Asitleşmenin çevre üzerinde dolaylı olmakla birlikte yine çok önemli etkilerinden biri de, endüstriyel faaliyetler sonucu oluşan asit nemidir. Toprağa ya da göl yataklarına inmiş civa, kadmiyum ya da alüminyum gibi zehirli maddelerle tepkimeye girebilmekte ve normal koşullar altında çözünmez sayılan bu maddeler, asidik nemle tepkimenin sonucunda, besin zinciri ya da içme suyu yoluyla bitki, hayvan ve insana ulaşıp toksik etkiler yaratmaktadır. Ağaç köklerinin besin toplama yeteneğinin bozulmasının sorumlusu da gene asitleşme sonucunda toprakta harekete geçen alüminyumdur.
Büyük şehirlerin çoğunda insan yapısı bina ve anıtlara asit yağmurlarının yaptığı zararın göstergesi çoktur. Tarihi yapılar, binalar, açık metal yüzeyler, boya kaplamalar ve bazı plastikler, sülfürdioksit ve yağışın sulandırdığı bu asitten dolayı bozulma gösterir.
İNSAN SAĞLIĞI ÜZERİNDEKİ ETKİLERİ
Asit yağmurlarının insan sağlığı üzerindeki etkileri konusunda üzerine yapılan araştırmalar sonucunda asit depolanmasının insan sağlığı üzerinde dolaylı ve dolaysız olmak üzere 2 tür etkisi belirlenmiştir. Bu güne kadar yapılan araştırmalar henüz asit depolanmasının insanlar üzerinde dolaysız bir etkisini belirleyememiştir.
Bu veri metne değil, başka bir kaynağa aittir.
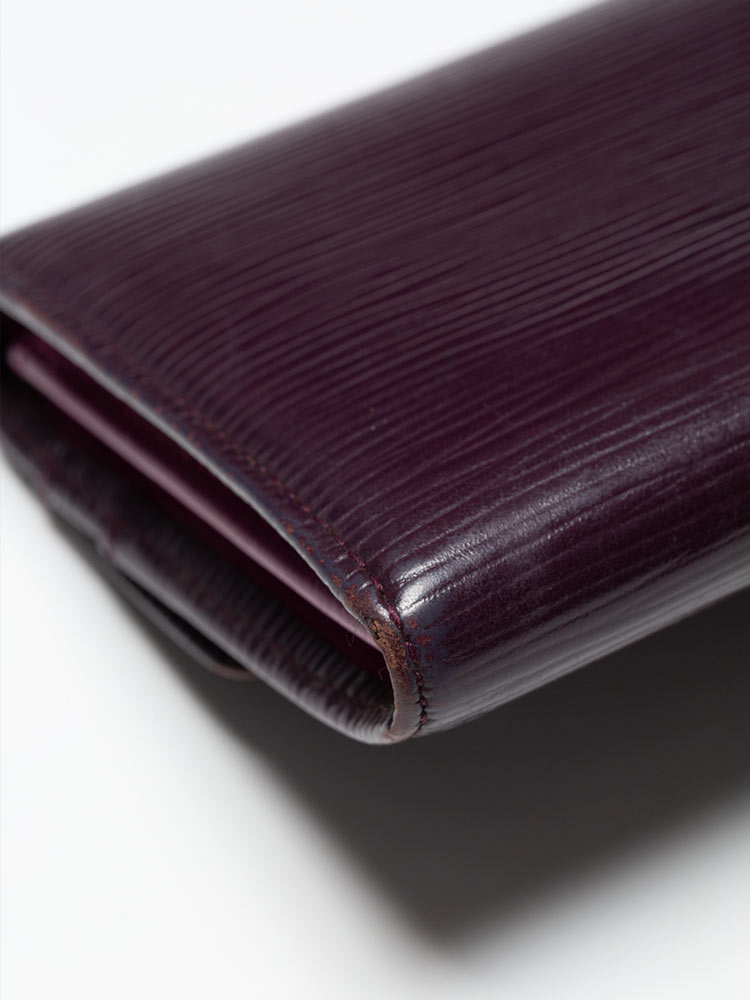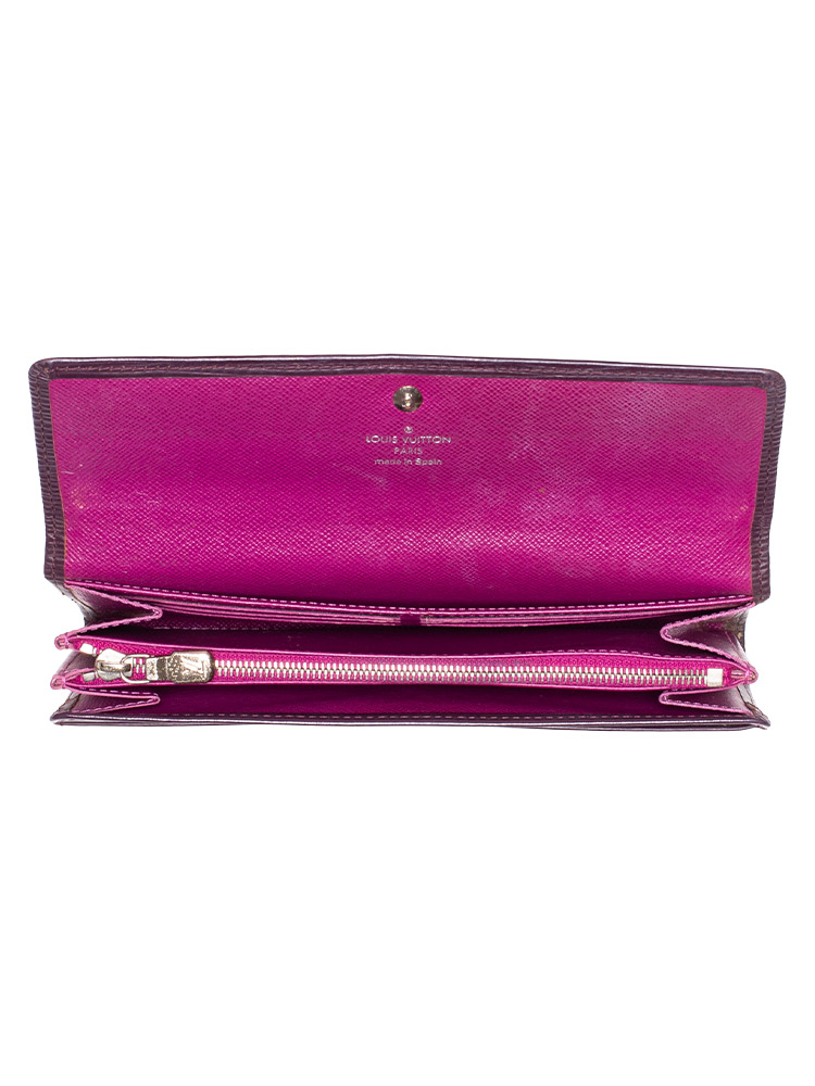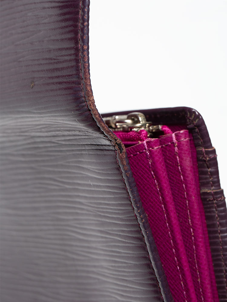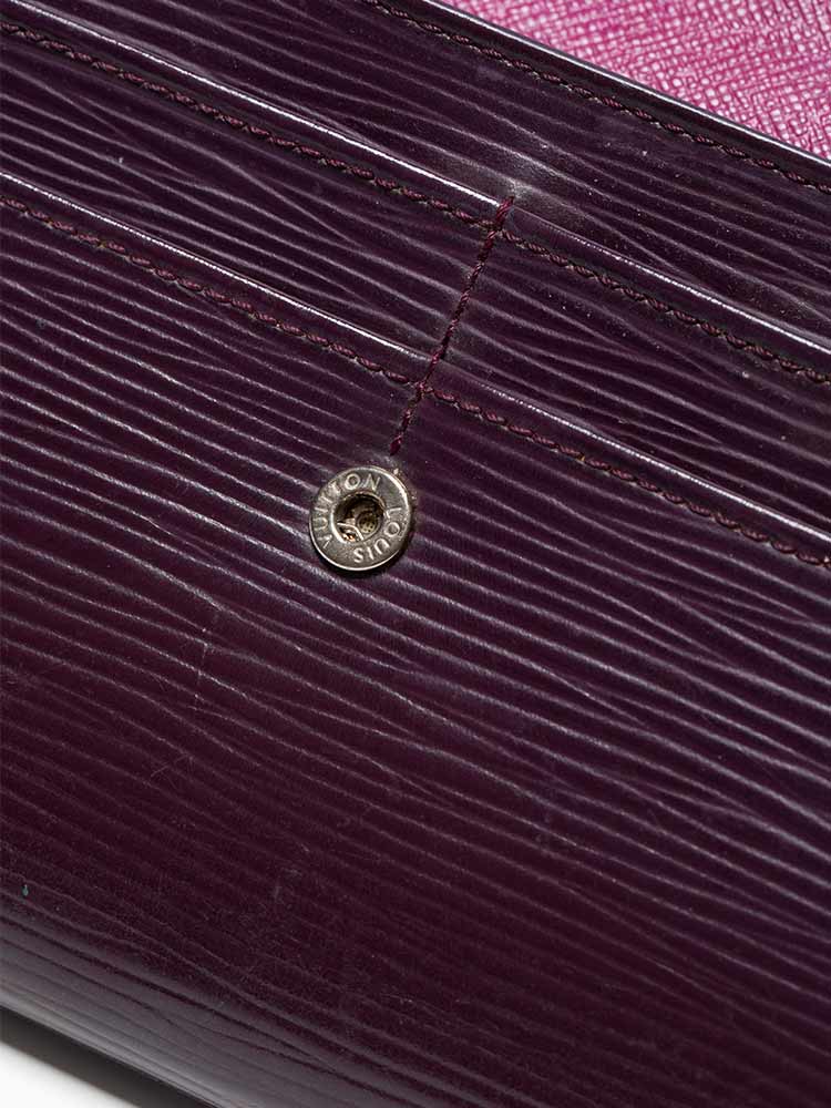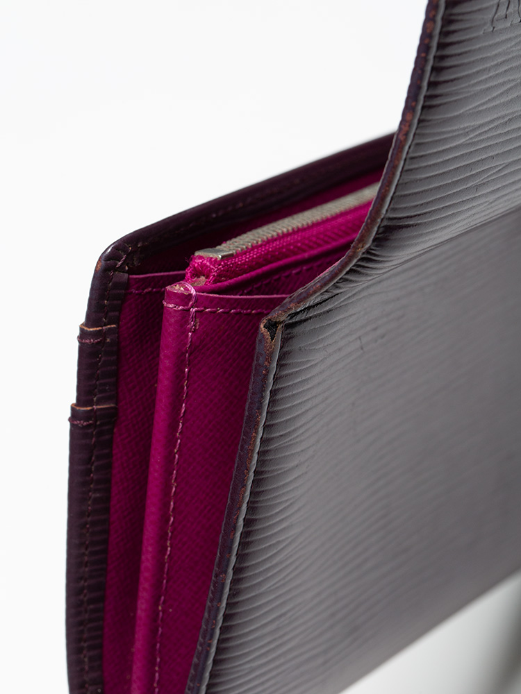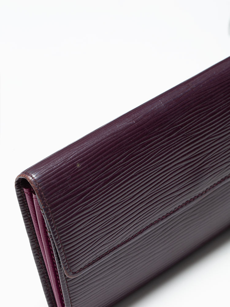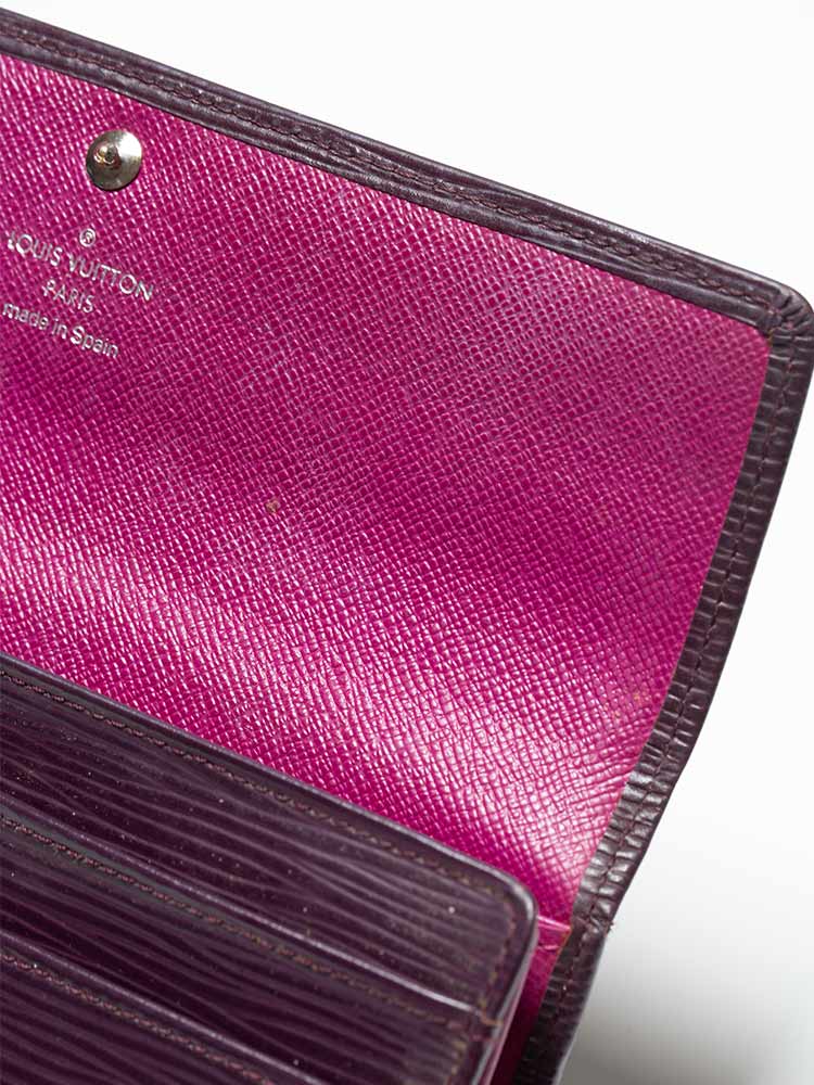 This wallet is crafted of Louis Vuitton signature textured epi leather in purple. The wallet has a front flap that opens to a partitioned cross-grain leather interior of bill compartments and a zippered pocket.

Bununla beraber deri, göz ve solunum sistemindeki direkt etkileri dikkat çekicidir. pH 4.6’ ya kadar asitlenmiş göl sularında insan ve tavşan denekleri üzerinde yapılan araştırmalarda belirli bir takım etkiler belirlenmiş, pH’ ın 4 ten düşük olduğu değerlerde gözde tahriş ve kızarıklık oluşmuştur.
Asidik zerrecikler genellikle sülfürdioksit ve nitrikoksitlerin atmosferdeki dispersiyonu ile oluşur. Sonuçta oluşan nitrik ve sülfürik asit diğer partiküller (toz, is, kurum, duman vs) üzerine yapışır.